This application is based upon and claims the benefit of priority of the prior Japanese Patent Application No. 2013-011490, filed on Jan. 24, 2013, the entire contents of which are incorporated herein by reference.
The embodiment discussed herein is related to a technique of controlling power consumption of an information processing apparatus including a power supply device.

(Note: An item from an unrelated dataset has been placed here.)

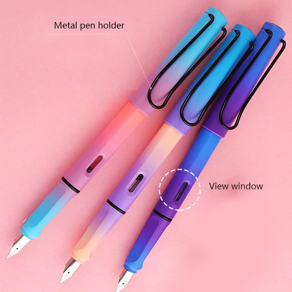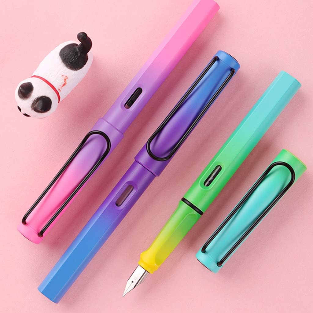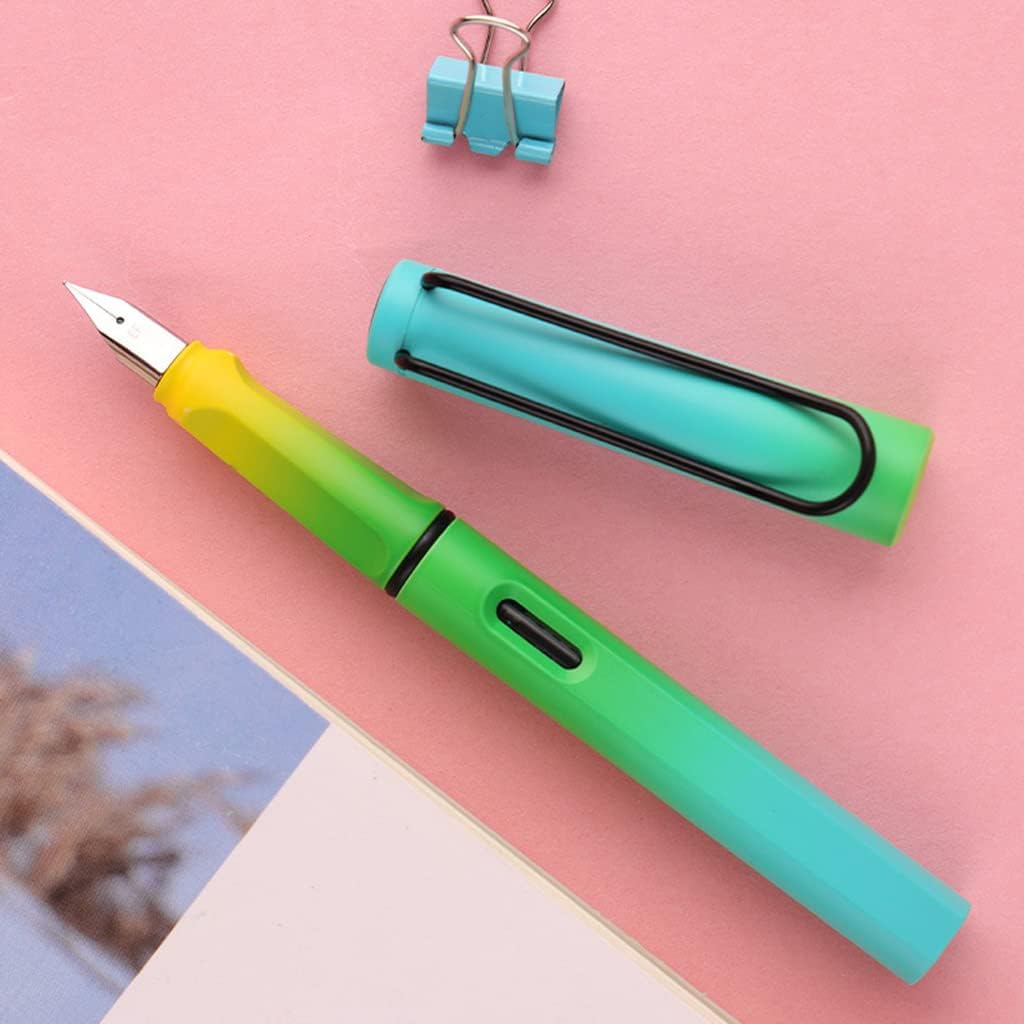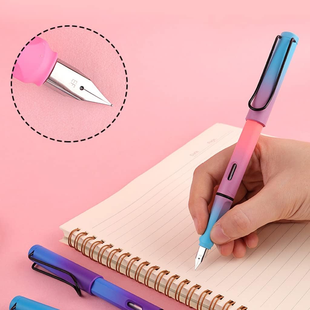 Piume e pizzi pregiati. Punta fine da 0,35 mm o punta da 0,5 mm, scegli in base alle tue esigenze. La robusta punta in metallo, l'impugnatura antiscivolo della penna, offre un controllo eccellente; in modo fluido e continuo. Il corpo della penna lungo e ben bilanciato ti consente di scrivere comodamente. Ideale per esercitarsi nella scrittura Gradiente, design unico del colore sfumato, alla moda e accattivante. 6 colori diversi tra cui scegliere. Molto adatto per praticare la calligrafia, scrivere lettere/biglietti di auguri, praticare i caratteri cinesi. Regalo eccellente. Meraviglioso per studenti e bambini che vogliono praticare la calligrafia cinese. Per ragazze, ragazzi, adolescenti, donne, uomini, principianti, scrittori, pittori, artisti, insegnanti a Natale, Capodanno, Ringraziamento, compleanno, anniversario, penna stilografica per la festa dei bambini con design a pistone. Questa penna stilografica con riempimento a pistone ha una presa comoda, scrive in modo fluido, leggera ed è ideale per studenti, bambini, adulti e principianti che praticano affari. Il design della finestra visibile ti consente di vedere più facilmente quanto rimane. Cartuccia rimovibile, facile da riempire. Presenta una robusta clip per penna in metallo e un assorbitore rimovibile. Questa penna stilografica a pistone può essere facilmente ricaricata ruotando la manopola per estendere il pistone. Immergere la molla, quindi avvitare la manopola per ritrarre lo stantuffo ed estrarlo direttamente dal flacone nella penna

Some information processing apparatuses typified by computers include a plurality of power supply devices. In an information processing apparatus including a plurality of processing modules that may be caused to operate individually, power consumption varies with the number of processing modules which are caused to operate. Thus, in the information processing apparatus including the plurality of processing modules, a plurality of power supply devices are included. Examples of the processing modules include a server blade, a system board, and an input/output (IO) unit.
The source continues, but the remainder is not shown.